In [1]:
import googleapiclient.discovery
from googleapiclient.discovery import build
from google_auth_oauthlib.flow import InstalledAppFlow
from google.auth.transport.requests import Request
from youtube_transcript_api import YouTubeTranscriptApi

import urllib.parse as p
import re
import os
import pickle
import pandas


SCOPES = ["https://www.googleapis.com/auth/youtube.force-ssl"]

In [2]:
def youtube_authenticate():
    os.environ["OAUTHLIB_INSECURE_TRANSPORT"] = "1"
    api_service_name = "youtube"
    api_version = "v3"
    client_secrets_file = "credentials.json"
    creds = None
    # the file token.pickle stores the user's access and refresh tokens, and is
    # created automatically when the authorization flow completes for the first time
    if os.path.exists("token.pickle"):
        with open("token.pickle", "rb") as token:
            creds = pickle.load(token)
    # if there are no (valid) credentials availablle, let the user log in.
    if not creds or not creds.valid:
        if creds and creds.expired and creds.refresh_token:
            creds.refresh(Request())
        else:
            flow = InstalledAppFlow.from_client_secrets_file(client_secrets_file, SCOPES)
            creds = flow.run_local_server(port=0)
        # save the credentials for the next run
        with open("token.pickle", "wb") as token:
            pickle.dump(creds, token)

    return build(api_service_name, api_version, credentials=creds)

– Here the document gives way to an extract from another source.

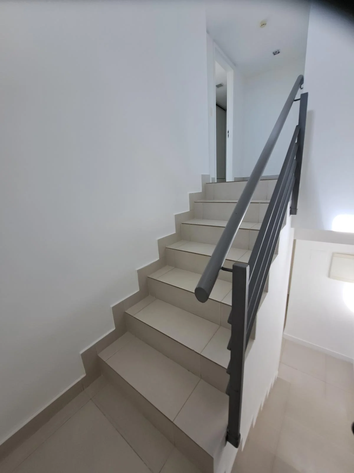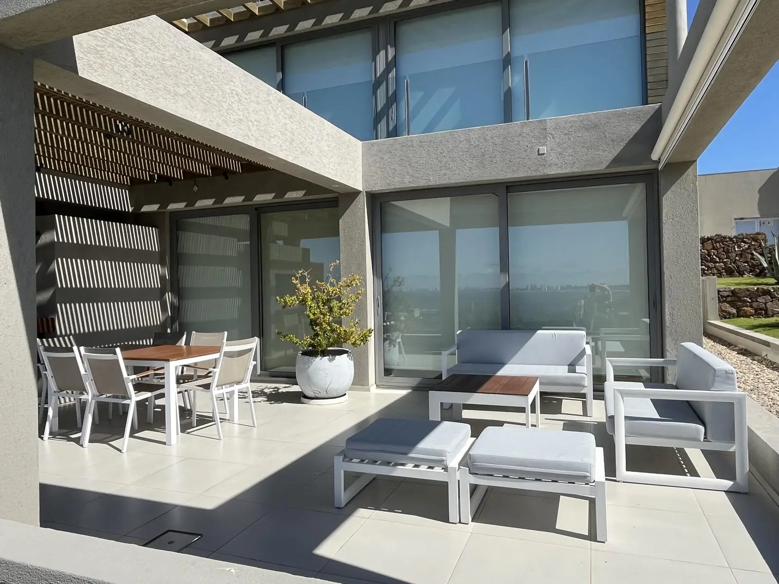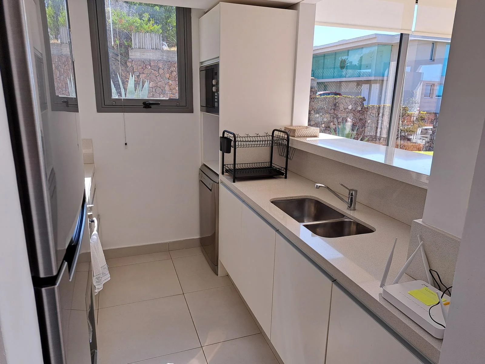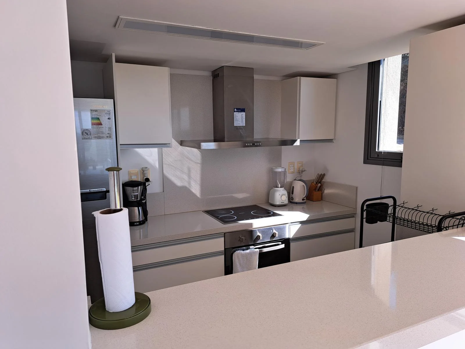 Duplex apartment for temporary rent with two en-suite bedrooms, living-dining room, integrated kitchen, guest bathroom, and a spacious 49 m² terrace with sea view and a private barbecue.

# authenticate to YouTube API
youtube = youtube_authenticate()

Please visit this URL to authorize this application: https://accounts.google.com/o/oauth2/auth?response_type=code&client_id=1047575720685-ltlgd9ut6c2vt88envr8nbbblqrugpgr.apps.googleusercontent.com&redirect_uri=http%3A%2F%2Flocalhost%3A53971%2F&scope=https%3A%2F%2Fwww.googleapis.com%2Fauth%2Fyoutube.force-ssl&state=E9HGLNlPYXld3oLpa91Rl4AIZq9s0f&access_type=offline


In [3]:
def get_video_id_by_url(url):
    """
    Return the Video ID from the video `url`
    """
    # split URL parts
    parsed_url = p.urlparse(url)
    # get the video ID by parsing the query of the URL
    video_id = p.parse_qs(parsed_url.query).get("v")
    if video_id:
        return video_id[0]
    else:
        raise Exception(f"Wasn't able to parse video URL: {url}")

In [4]:
example_user = "JayzTwoCents"
example_id = 'UCkWQ0gDrqOCarmUKmppD7GQ'

In [5]:
my_chosen = 'MandaloreGaming'

In [6]:
chosen_video = 'https://www.youtube.com/watch?v=YirkpurLHkU'

In [7]:
vid_id = get_video_id_by_url(chosen_video)

In [8]:
vid_id

'YirkpurLHkU'

In [9]:
#Example 1a
file1a = 'example1aresults.csv'
request = youtube.channels().list(
        part="snippet,contentDetails,statistics",
        forUsername=example_user
    )
response = request.execute()
channel_id = response['items'][0]['id']
#print(response)
#Note the api does not display total number of likes and uploads per channel
#Response output is difficult to work with. I select outputs I like from the response and put them into a dataframe

#results_dataframe= pandas.json_normalize(response['items'])[['snippet.title','snippet.description','snippet.country','statistics.viewCount','statistics.subscriberCount','statistics.videoCount']]

#print("Done, file",file1a,'is ready.')
#results_dataframe.to_csv(file1a, index=False)


In [10]:
#Example 1b
file1b = 'example1bresults.csv'
request = youtube.channels().list(
        part="snippet,contentDetails,statistics",
        id=channel_id
    )
response = request.execute()

#print(response)
#Note the api does not display total number of likes and uploads per channel
#Response output is difficult to work with. I select outputs I like from the response and put them into a dataframe

results_dataframe= pandas.json_normalize(response['items'])[['snippet.title','snippet.description','statistics.viewCount','statistics.subscriberCount','statistics.videoCount']]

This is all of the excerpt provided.